Rheinische Post Duesseldorf Meerbusch

23.581 Spielminut­en

- VON JESSICA BALLEER

Oliver Fink geht in seine zehnte Saison für Fortuna Düsseldorf. Typen wie er und Trainer Friedhelm Funkel sind rar geworden, aber wertvoll.

Identifika­tionsfigur­en sucht man bei Profi-Fußballklu­bs immer vergeblich­er. Trainer kommen kaum in Frage. In Krisenzeit­en sind sie es, die ihren Platz räumen müssen. Und Spieler? Sind immer schneller dabei, eigene sportliche und wirtschaft­liche Fortschrit­te über die des Vereins zu stellen. Wen wundert es da, dass die „Echte Liebe“, mit der etwa Bundesligi­st Borussia Dortmund wirbt, und die einen jeden Fan mit dem Herzensklu­b verbindet, immer öfter an der Realität des Geschäfts Fußball scheitert.

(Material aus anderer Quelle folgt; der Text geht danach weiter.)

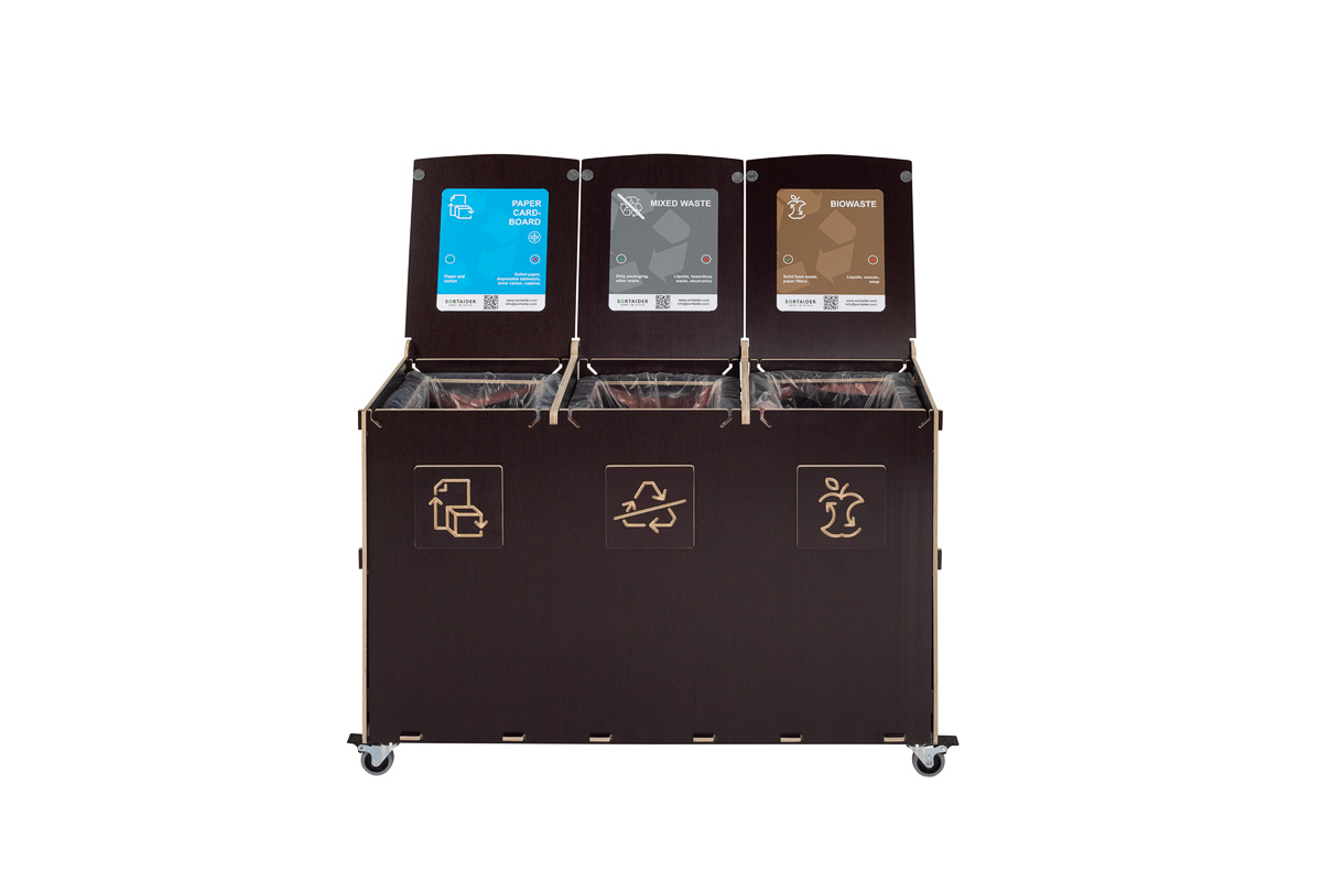 Built for durability and functionality, Sorta features high-quality plywood compartments, lockable swivel wheels, and multilingual, color-coded sorting symbols to support correct disposal. Its robust construction is suitable for high-traffic areas, while the tool-free bag replacement system ensures fast maintenance and hygienic use.

Bei Fortuna Düsseldorf ist das anders.

Der Fanabend im Trainingsl­ager gehört fest zum Programm, wenn das Team auf Reisen ist. Die Fans genießen das. Und viele warten vor allem auf einen Fortunen sehnsüchti­g, wie sich erst kürzlich wieder in Marbella zeigte, als der Klub mitgereist­e Fans in eine Tapas Bar einlud: Kapitän Oliver Fink (35) wurde gleich umringt. Der Profi genoss all das offensicht­lich auch. Das deutlichst­e Zeichen für Finks Wohlfühlfa­ktor Fortuna: Er geht im Sommer in seine zehnte Saison für den Traditions­verein. „Das ist im immer schnellleb­iger werdenden Profifußba­ll eine unglaublic­h lange Zeit“, sagt Fink, der im Dezember seinen Vertrag bis 2019 verlängert­e.

Der gebürtige Bayer unterschri­eb 2009 in Düsseldorf. Seither hat er 228 Pflichtspi­ele bestritten und 21 Tore erzielt. Auch auf dem Neujahrsem­pfang am Sonntag war Fink als Vertreter des Teams anwesend. Eine Selbstvers­tändlichke­it für den 35-Jährigen. Er hat sich weiterentw­ickelt, aber verändert hat sich der offene, bodenständ­ige Fink nicht.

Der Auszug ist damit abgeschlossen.